HIVseq (http://hivdb6.stanford.edu/asi/deployed/HIV seq.html) was designed in 2000 to accept user-submitted protease and RT sequences, compare them with a consensus reference sequence, and to use the differences (mutations) as query parameters for interrogating the HIV RT and Protease Sequence Database [2,3]. The program output listed the frequency of each observed mutation in treated and untreated persons and provided links to previous reports of these mutations. By allowing users to examine new sequences in the context of those previously published, the program facilitates the identification of sequences with unusual mutations, which can be immediately rechecked for sequence quality (e.g., electrophoretic intensity of observed peaks and background noise in the questionable region of the sequence). In addition, unexpected associations between specific mutations and previous drug treatment could be identified. For each gene, program output included one table for subtype B viruses and another table containing pooled data for all non-subtype B viruses. Although each of the subtypes differs from other subtypes genetically by as much as they differ from subtype B, insufficient sequence data have been available to determine mutation frequencies for each subtype.
The authors have recently collaborated to compile a large number of non-B subtype sequences from persons with well-characterized antiretroviral treatment histories [4]. To assist laboratories performing HIV-1 sequencing, data from this collaboration and from other published studies have been used to extend HIVseq to include non-subtype B viruses.
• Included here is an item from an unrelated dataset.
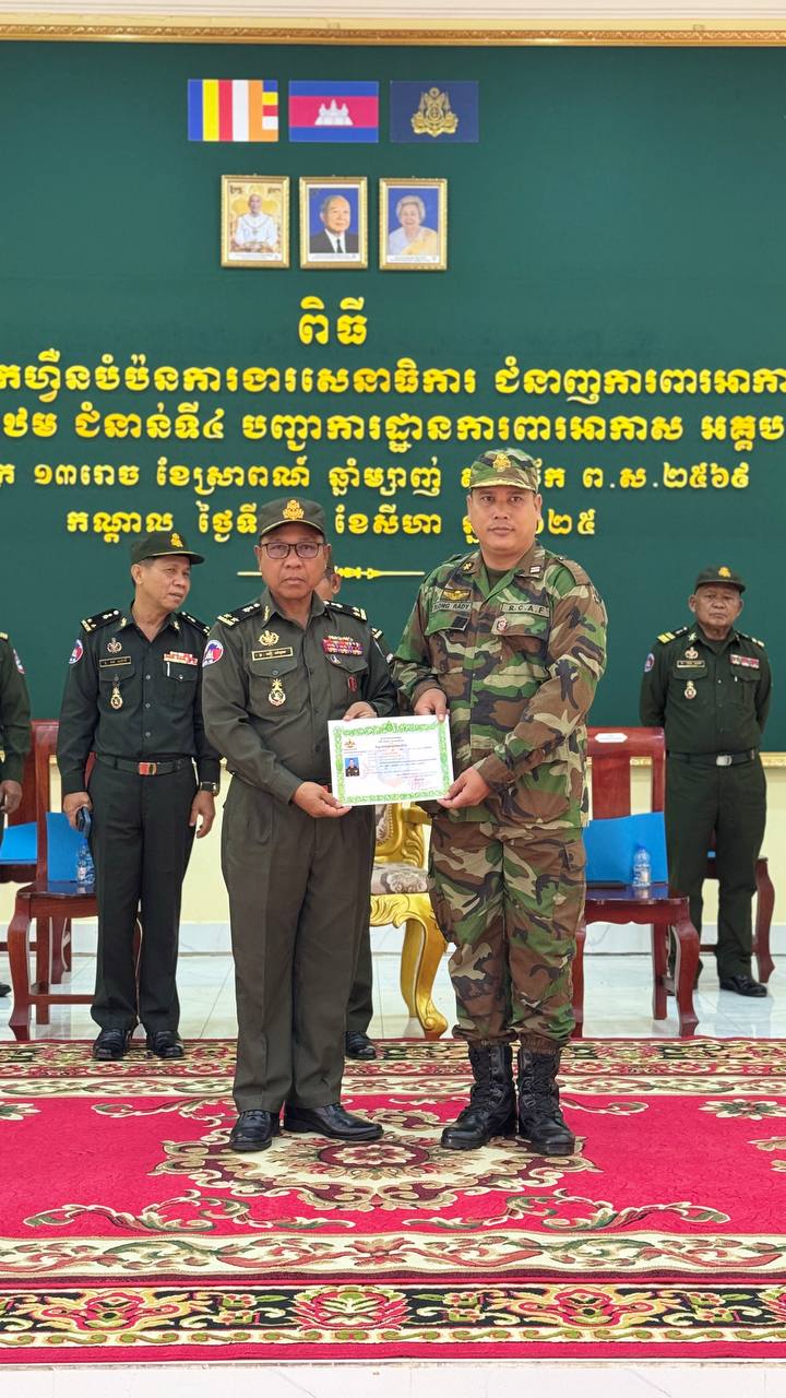 (កណ្តាល) ឯកឧត្តម ឧត្តមសេនីយ៍ទោ អឿ សំអុល មេបញ្ជាការ បញ្ជាការដ្ឋានការពារអាកាស អគ្គបញ្ជាការដ្ឋាន បានអញ្ជើញជាអធិបតីក្នុងពិធីបិទវគ្គហ្វឹកហ្វឺនបំប៉នការងារសេនាធិការ ជំនាញការពារអាកាស នាយទាហានបឋម ជំនាន់ទី៤ នារសៀលថ្ងៃទី២២ ខែសីហា ឆ្នាំ២០២៥ នៅទីបញ្ជាការដ្ឋានការពារអាកាស៕

Here, the process used to create subtype-specific mutation frequency datasets and the usefulness of these data to laboratories submitting individual sequences or researchers examining the complete dataset are described.
Methods and results
Mutation frequency data
HIV-1 subtype
Similarity plotting and bootscanning [5] using a window size of 400 and a step size of 40 nucleotides were performed using the Los Alamos HIV Sequence Database reference sequences for each of the nine pure subtypes and CRF01_AE and CRF02_AG [6]. Isolates that contained a combination of more than one subtype were excluded from analysis, unless subtypes A and G were detected in a pattern consistent with CRF02_AG. Because CRF01_AE pol sequences do not contain recombinant breakpoints, subtype assignment was based on the fact that pol CRF01_AE and pure A sequences are divergent. This approach had an accuracy of 96% when applied to the genes for protease and RT of 137 well-characterized subtype A, CRF01_AE, and CRF02_AG isolates with known subtypes based on pol and gag and/or env, with most errors resulting from the misclassification of subtype A protease sequences as CRF01_AE (data not shown).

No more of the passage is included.